Business Structuring Types

  • Sole proprietorship
  • Partnership
  • Limited Liability Company
  • S Corporation
  • C Corporation

Sole Proprietorship

This is the most common, and cheapest, form of business structuring. It allows you to use a legal business name, and that’s pretty much it. There is no financial or legal protection of any sort. If there’s a problem, it comes down on you, your savings, your home, your car, your boat, and any and every other personal and real asset you own. However, you can start writing off business expenses, including a home office.

Partnership

Two or more people come together and share in the risks and the rewards of the business. Many single-property projects that are called joint ventures are in fact partnerships built around a single property. This is one of the reasons why you will see numerous investors who are in completely separate joint ventures with other investors. Each property is inside its own partnership agreement or other corporate entity.

Limited Liability Company

Many people mistakenly refer to this as a “limited liability corporation” but in fact an LLC is more like a partnership than a corporation. LLCs have become very popular in recent years for real estate investors, as they are less expensive and often require less administration than corporations, but still provide excellent liability protection.

S Corporation

The S corp is the “Small” version of the C corporation. It’s simpler to administrate than a C corp, but harder than an LLC. Similarly, the financial tax benefits kick in at a higher revenue level than an LLC.

C Corporation

The Daddy of all business structures, the C corp has the highest administrative burden, but generally provides the greatest legal and financial protection. Of course, you need to be generating something like $100K a year before this even becomes an option for most investors.
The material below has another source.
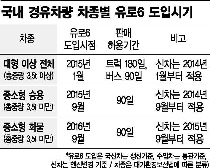 [아시아경제 최대열 기자]유럽발(發) 환경규제인 '유로6' 도입이 한달여 앞으로 다가오면서 내년 이후 국내 자동차시장에 적잖은 변화가 예상된다. '환경을 위한다'는, 누구도 감히 거스를 수 없는 흐름에서 비롯됐으나 당초 취지했던 바와 달리 단기적으로 환경에 더 큰 부담이 될 수 있다는 우려가 나온다.정부도 내년 이후 제도안착을 위해 지원책을 늘리려는 움직임을 보이고 있다. 그러나 실제 정책의 이해당사자가 체감할 수 있는 보완책을 통해 혼선을 줄이고 제도의 원래 취지를 살려야 한다고 전문가들은 지적했다.◆유로6가 뭐길래 = 유로6는 디젤엔진 차량이 배출하는 가스에 대해 일정 수준을 넘지 못하게 한 규제로 유럽에서는 이미 올해부터 도입됐다. 기존 유로5에 비해 질소산화물을 80%, 미세먼지는 60% 정도 줄여야 한다.앞서 유로4에서 유로5로 넘어갈 때만 해도 질소산화물을 43% 정도 줄이면 됐지만 이번 유로6는 기준을 대폭 강화했다. 지난 9월부터 출시된 일부 차종별 신차에 우선 적용됐으며 내년 1월부터는 국내에서 생산되거나 해외에서 들여오는 3.5t 이상 디젤차량이 대상이다.이후 내년 9월부터 3.5t 미만의 중소형 승용차, 2016년 9월부터는 3.5t 미만 중소형 화물차까지 적용대상이 확대, 전 디젤차량이 해당된다. 신차의 경우 해당 시기에 앞서 1년 전부터 적용된다. 올 하반기 출시된 그랜저 디젤이나 신형 쏘렌토ㆍ카니발 등이 유로6를 충족시키는 것도 신차인 까닭에 한발 앞서 유로6를 충족해야하기 때문이다.환경부가 관할하는 대기환경보전법에 따라 적용됐기에 배기량이나 크기가 아닌 총중량에 따라 적용시점을 달리 했다. 유로6가 적용되더라도 적용 시점 이전에 생산된 차량에 한해 차종에 따라 최저 90일에서 최고 180일까지 판매 유예 기간을 뒀다. 올해 말에 생산된 유로5 기준의 대형 트럭이나 버스라도 내년 3월까지는 판매가 가능하다는 얘기다.디젤엔진 차량의 배출가스 규제법별도 후처리 부품 장착해 가격부담폐차시점 늦춰 환경에 부담갈수도◆무엇이 바뀌나…차값 1000만원 이상 오를듯 = 당장 내년에 유로6를 충족해야하는 대형 트럭이나 버스는 엔진을 개선하고 선택적 촉매환원장치나 디젤분진필터와 같은 별도의 후처리 부품을 장착해야 해 1000만~1500만원 정도 차값이 오를 것으로 완성차 업계에서는 보고 있다.국내 상용차업체도 이미 연구개발에 수천억원을 투자했으며 후처리부품도 대당 수백만원대다. 한발 앞서 제도를 도입한 유럽에서는 주요 대형 트랙터(컨테이너 운송 등을 위한 차량) 대당 평균판매가격이 1만2000유로(한화 1600만원) 정도 인상됐다.폴크스바겐그룹 산하 만트럭의 TGS 18.440 모델은 10만9100유로에서 12만1100유로로, 다임러 악트로스 1851 모델은 13만1080유로에서 14만3750유로로 1만2670유로 올랐다. 업체별로 차이는 있으나 일부 상용차업체는 엔진개발에만 1조원 넘게 쓴 것으로 알려졌다.◆"폐차시점 늦춰 환경에 더 큰 부담될 것"= 문제는 차값 인상에 따라 신차 구입을 미루고 기존 차량을 더 오래 타는 운전자가 많아질 가능성이 높다는 점이다. 현대차 마이티(트럭)나 카운티(버스), 자일대우버스 등 내년부터 적용되는 3.5t 이상 차량 가운데 상대적으로 가격대가 낮은 차종의 경우 대표적인 서민운수업자용 차량으로 꼽힌다.일반적으로 화물차나 특수차량 소유주는 차를 오랜 기간 타는 경향이 강한데 이 같은 점을 더 부추긴다는 것이다. 한국자동차산업협회에 따르면 국내 등록된 전체 차량 2000만대 가운데 15년 이상된 차는 10%에 조금 못 미치는 수준이다.그러나 화물차는 차령(車齡)이 15년 이상 된 경우가 전체의 17%, 특수차는 23%에 달한다. 버스는 차령이 9~11년으로 제한돼 있어 일정 시간이 지난 후 의무적으로 교체해야하나 화물차는 차령제한이 따로 없다.환경을 위해 유로6를 도입하는데 정작 새 차를 사지 않고 오래된 차를 계속 끌고 다니는 탓에 환경에 더 큰 부담을 주게 되는 것이다. 업계 한 관계자는 "과거 기준인 유로3 수준의 가스를 배출하는 차량이 버젓이 돌아다니고 있는데 본인만 수백, 수천만원 비용부담이 늘어나는 게 부당하다고 느끼지 않겠느냐"고 말했다.현재 정부가 경유차의 배출가스를 줄이기 위해 진행하고 있는 사업으로는 후처리 부품을 부착하는 걸 지원하거나 디젤차량을 LPG차량으로 교체해주는 사업, 조기폐차지원제도 등이 있다. 이 가운데 조기폐차지원제도의 경우 현재 중고차가격의 80% 정도를 지원받을 수 있는데 내년부터 이 비중이 90% 수준으로 확대된다.국회에서 논의중인 내년도 예산안이 확정되면 대형 경유차에 대한 폐차지원금은 354억원에서 554억원으로 늘어날 전망이다. 박연재 환경부 교통환경과장은 "6t 이상 상용차 차주라면 폐차 후 고철비까지 더해 1000만원 정도 상환받을 수 있을 것"이라고 설명했다.그러나 이 같은 지원책을 받는 대상이 제한적인 만큼 향후 제도안착을 위해 정부가 더 적극적으로 나서야 한다고 전문가들은 지적한다. 김필수 대림대 자동차학과 교수는 "유로6로 인해 서민층의 비용부담이 갑작스레 급증한다면 제도의 애초 취지도 못 살리면서 일부 중산층은 생활기반이 무너질 우려도

The best way to determine the business structuring right for you is to ask yourself a few key questions and share the answers with your mentor, attorney, CPA, financial planner, and marketing team or consultant (believe it or not, how you set up your business can affect how well you get found in Google, and how you market your services). After you’ve gotten all their feedback, then you can weigh the information and make the best decision for you.

Here are a few questions to consider, in no particular order (remember to invite input from your professionals as well):

  • How good are you at maintaining records?
  • Will your properties ever be occupied by tenants?
  • Will you be joint venturing/partnering with other investors, and if so, how often?
  • Will you be working from home, or from an office?
  • Do you own your own home or any other significant personal or real assets?
  • How much will you make from investing this year?
  • Will you be using your own funds to invest, and if so, what financial vehicles are the cash in?
  • Are you looking to get found online by prospective sellers or buyers?
  • Will you be engaged in construction or remodeling, personally or through subcontractors?

Proper business structure is only one side of preparation. In my free video “Seven Biggest Mistakes in Portland Real Estate Investing” at HowToInvestInRealEstatePortland.com I also talk about the members you want to have on your real estate investing “dream team.” So make sure you’re making money in real estate first. Then get your business structuring in order, make sure you are surrounding yourself with the best teams to protect your assets and to take your business forward, and you will enjoy peace of mind as well as wealth of household. Take action and prosper.